Pożar chlewni wybuchł nad ranem. Zwierząt nie udało się uratować
Zwierzęta, a także m.in. maszyny rolnicze, pochłonęły płomienie wraz z budynkiem chlewni. Strażakom udało się uratować dom w tym gospodarstwie.
Milionowe straty po ogromnym pożarze. Dwaj 14-latkowie będą odpowiadać przed sądem
Strażacy o pożarze chlewni w gospodarstwie w Karsinie (pow. kościerski, woj. pomorskie) otrzymali w poniedziałek (17 listopada) po godz. 4 rano. Gdy dotarły na miejsce pierwsze zastępy, budynek niemal w całości trawiły płomienie.

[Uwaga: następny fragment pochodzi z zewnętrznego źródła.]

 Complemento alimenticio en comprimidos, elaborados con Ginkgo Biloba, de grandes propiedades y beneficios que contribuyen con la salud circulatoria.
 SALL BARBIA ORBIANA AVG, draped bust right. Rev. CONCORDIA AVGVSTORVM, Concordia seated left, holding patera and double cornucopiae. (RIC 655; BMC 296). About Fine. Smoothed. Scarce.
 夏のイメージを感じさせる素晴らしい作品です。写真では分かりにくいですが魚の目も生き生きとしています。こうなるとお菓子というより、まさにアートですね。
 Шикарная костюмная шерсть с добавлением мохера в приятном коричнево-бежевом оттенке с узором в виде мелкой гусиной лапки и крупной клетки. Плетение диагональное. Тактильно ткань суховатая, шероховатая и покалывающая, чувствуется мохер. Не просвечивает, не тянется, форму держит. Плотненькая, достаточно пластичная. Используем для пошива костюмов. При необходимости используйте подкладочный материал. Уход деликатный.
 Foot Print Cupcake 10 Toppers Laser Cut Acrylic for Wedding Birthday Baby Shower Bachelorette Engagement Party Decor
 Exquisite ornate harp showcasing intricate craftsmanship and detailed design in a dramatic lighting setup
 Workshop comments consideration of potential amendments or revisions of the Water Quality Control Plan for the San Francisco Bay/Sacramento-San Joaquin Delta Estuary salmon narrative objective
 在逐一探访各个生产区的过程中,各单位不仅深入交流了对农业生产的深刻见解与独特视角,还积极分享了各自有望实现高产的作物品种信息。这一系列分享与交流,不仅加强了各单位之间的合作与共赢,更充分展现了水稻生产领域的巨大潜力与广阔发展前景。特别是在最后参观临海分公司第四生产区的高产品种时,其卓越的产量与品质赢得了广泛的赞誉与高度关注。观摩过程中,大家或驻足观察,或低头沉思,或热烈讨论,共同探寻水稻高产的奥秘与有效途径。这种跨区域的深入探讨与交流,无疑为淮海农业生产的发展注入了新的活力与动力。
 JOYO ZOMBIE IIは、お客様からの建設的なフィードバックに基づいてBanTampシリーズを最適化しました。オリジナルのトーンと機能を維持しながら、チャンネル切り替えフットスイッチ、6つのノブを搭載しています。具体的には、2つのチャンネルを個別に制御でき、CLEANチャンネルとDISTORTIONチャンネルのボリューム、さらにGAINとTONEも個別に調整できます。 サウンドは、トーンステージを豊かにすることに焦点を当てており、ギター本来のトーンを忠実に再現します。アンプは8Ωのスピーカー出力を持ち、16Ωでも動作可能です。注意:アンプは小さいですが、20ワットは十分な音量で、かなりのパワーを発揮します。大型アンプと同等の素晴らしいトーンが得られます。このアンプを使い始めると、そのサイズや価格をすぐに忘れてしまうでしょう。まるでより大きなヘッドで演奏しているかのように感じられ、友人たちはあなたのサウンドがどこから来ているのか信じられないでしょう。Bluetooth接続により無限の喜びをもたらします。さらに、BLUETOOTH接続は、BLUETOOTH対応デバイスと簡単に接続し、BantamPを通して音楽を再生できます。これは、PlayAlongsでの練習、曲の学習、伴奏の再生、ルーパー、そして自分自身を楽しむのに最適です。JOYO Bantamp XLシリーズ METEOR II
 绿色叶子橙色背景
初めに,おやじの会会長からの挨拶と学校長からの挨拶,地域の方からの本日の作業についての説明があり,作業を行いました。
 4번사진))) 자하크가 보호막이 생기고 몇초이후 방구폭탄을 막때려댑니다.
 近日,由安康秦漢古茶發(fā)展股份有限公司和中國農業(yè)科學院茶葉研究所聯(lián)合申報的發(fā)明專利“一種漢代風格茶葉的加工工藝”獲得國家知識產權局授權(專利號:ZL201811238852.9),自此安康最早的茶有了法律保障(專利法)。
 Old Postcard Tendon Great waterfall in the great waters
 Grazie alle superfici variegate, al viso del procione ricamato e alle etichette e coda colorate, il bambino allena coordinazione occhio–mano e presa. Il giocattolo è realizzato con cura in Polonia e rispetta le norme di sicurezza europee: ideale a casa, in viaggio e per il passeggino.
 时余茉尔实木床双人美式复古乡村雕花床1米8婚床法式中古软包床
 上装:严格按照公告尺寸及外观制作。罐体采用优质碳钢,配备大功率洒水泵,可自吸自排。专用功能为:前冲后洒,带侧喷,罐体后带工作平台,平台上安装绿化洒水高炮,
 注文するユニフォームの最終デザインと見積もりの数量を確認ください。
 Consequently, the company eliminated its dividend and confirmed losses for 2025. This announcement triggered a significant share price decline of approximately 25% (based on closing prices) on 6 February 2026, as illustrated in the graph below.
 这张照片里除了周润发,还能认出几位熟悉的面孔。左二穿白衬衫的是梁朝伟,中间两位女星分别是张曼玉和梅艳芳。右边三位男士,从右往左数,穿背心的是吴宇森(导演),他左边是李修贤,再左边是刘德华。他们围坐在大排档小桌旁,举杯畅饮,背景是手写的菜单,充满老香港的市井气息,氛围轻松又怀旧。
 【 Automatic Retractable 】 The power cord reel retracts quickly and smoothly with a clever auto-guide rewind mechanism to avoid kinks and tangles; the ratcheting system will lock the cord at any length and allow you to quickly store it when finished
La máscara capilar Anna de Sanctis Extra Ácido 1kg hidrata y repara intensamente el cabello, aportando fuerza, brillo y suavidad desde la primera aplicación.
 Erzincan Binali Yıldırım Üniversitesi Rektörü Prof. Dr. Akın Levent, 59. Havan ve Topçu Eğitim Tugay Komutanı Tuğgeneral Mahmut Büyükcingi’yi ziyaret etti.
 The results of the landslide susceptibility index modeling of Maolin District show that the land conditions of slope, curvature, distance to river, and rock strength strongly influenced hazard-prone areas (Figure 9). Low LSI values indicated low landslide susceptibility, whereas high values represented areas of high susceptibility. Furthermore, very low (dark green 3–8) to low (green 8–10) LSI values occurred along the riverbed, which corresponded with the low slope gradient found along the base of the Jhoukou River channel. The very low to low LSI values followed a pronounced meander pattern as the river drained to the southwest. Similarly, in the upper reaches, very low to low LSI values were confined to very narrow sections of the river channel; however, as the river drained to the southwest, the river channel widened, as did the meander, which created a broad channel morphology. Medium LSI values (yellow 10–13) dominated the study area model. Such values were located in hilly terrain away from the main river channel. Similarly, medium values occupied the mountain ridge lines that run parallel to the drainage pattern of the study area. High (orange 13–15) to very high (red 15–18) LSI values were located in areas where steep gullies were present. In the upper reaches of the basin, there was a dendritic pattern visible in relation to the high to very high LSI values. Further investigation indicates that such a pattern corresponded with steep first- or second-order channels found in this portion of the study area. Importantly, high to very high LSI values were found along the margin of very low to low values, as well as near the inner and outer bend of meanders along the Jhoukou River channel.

„Nasza akcja jest utrudniona. Występuje cały czas duże zadymienie ze względu na tlące się baloty słomy. Akcja potrwa jeszcze wiele godzin. W pożarze chlewni spłonęły zwierzęta. To m.in. trzoda chlewna. W budynku było też bydło i konie” – relacjonował dla „Dziennika Bałtyckiego” kpt. Mateusz Szmaglik, oficer prasowy Komendy Powiatowej Państwowej Straży Pożarnej w Kościerzynie.
W pożarze spłonęły także samochody i maszyny rolnicze. Udało się natomiast uchronić przed ogniem dom, nie było też osób fizycznie poszkodowanych.
Do akcji ratunkowej skierowano kilkanaście zastępów strażaków. Po ugaszeniu pożaru będzie można oszacować straty (które na pewno są duże) oraz zbadać przyczynę pojawienia się płomieni.